Global bank lobbyists are warning policymakers over the risks of increasingly fragmented financial regulation, and other disparate policy approaches.
The bank lobby group, the Institute of International Finance (IIF), is calling on G20 policymakers to “take decisive action to raise global growth, reduce unemployment, enhance the global regulatory framework, and bolster financial stability,” it said Monday. Absent that, the global economy may have trouble exiting the financial crisis and attaining sustainable growth, it cautions.
The group warns that a tendency toward increasingly fragmented financial regulation is a major obstacle to these objectives. The IIF says that, while it understands the instinct of national regulators to act in their own interests, “this fragmentation tendency is threatening to undo decades of cross-border co-operation”.
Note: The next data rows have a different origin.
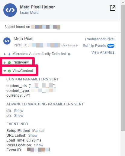 また、各イベントの左横の「▶」をクリックすると各イベントでMetaに送付している詳細な情報(商品IDや価格など)が表示されるので、併せて確認しましょう。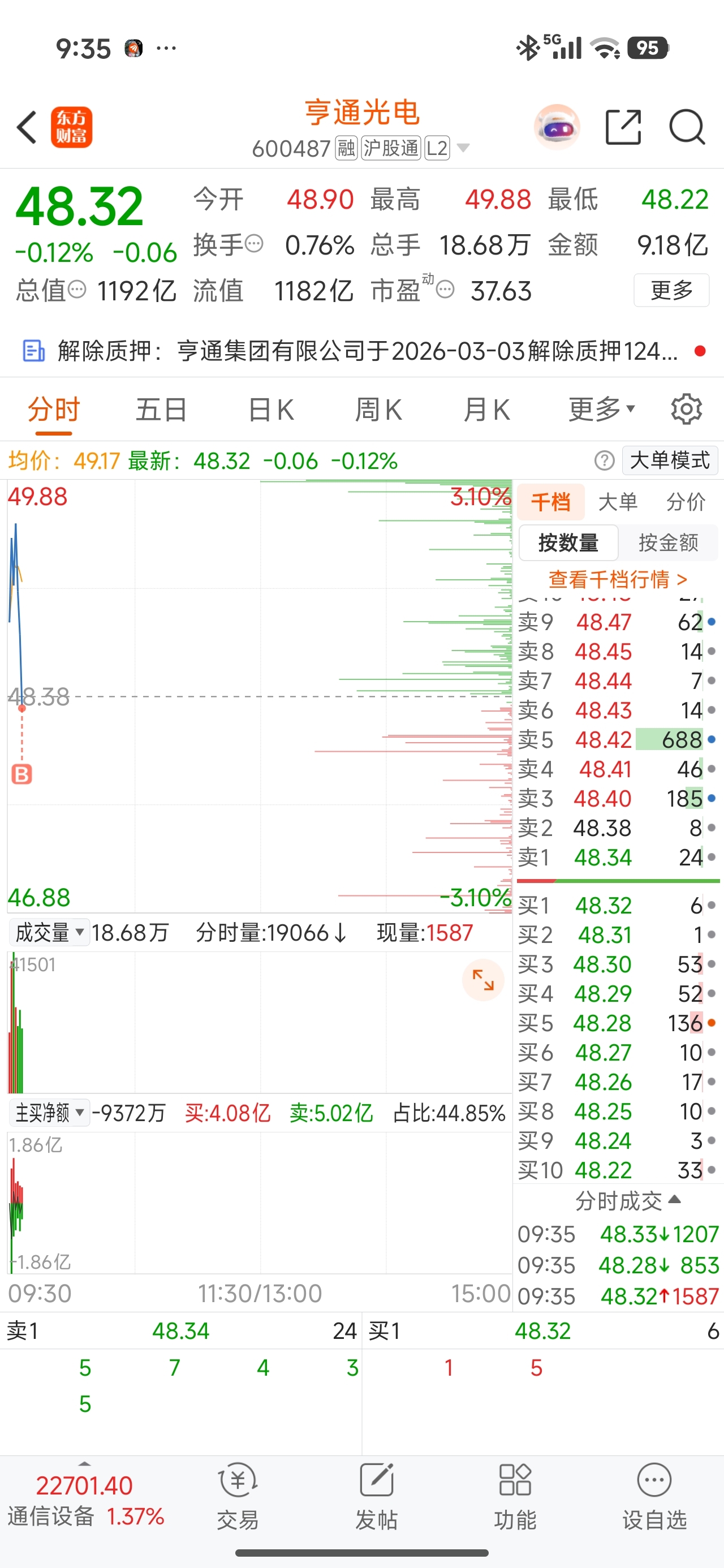 $亨通光电(SH600487)$ ?什么意思啊我看红盘买不进就随便挂在48.3你真吃啊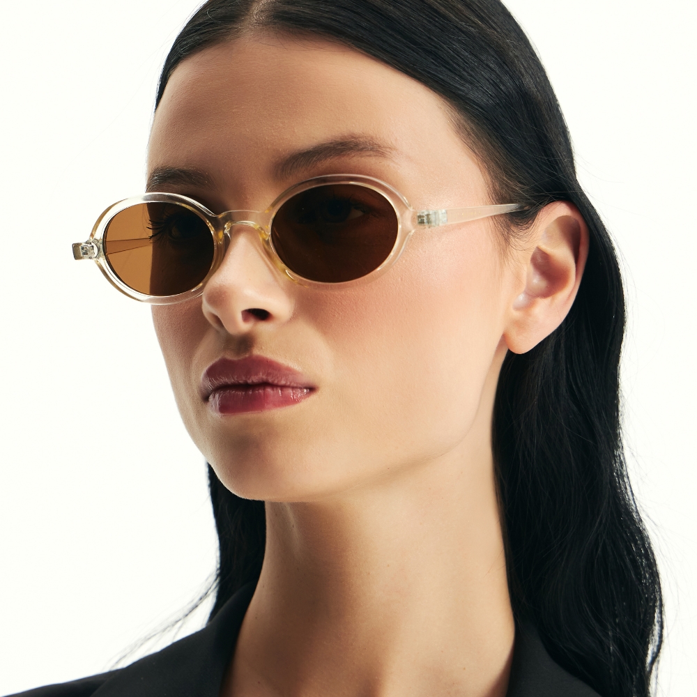 Óculos de Sol Oval Nice Champagne — Elegância sutil com lentes marrons e visual retrô

Tim Adams, managing director of the IIF, said in a statement, “this co-operation was of fundamental importance in driving global economic growth in the recent past. If we fail to preserve the spirit – and the fact – of international harmonization of financial regulation, we run the risk of inhibiting the global economic regeneration so desperately needed by people everywhere.”
The IIF says that the G20 should re-double its commitment to the Financial Stability Board (FSB), as the co-ordinating body overseeing both the development and implementation of international financial regulatory policies, and stresses that there’s a growing need for the FSB to be empowered to resist unilateral or protectionist regulatory measures.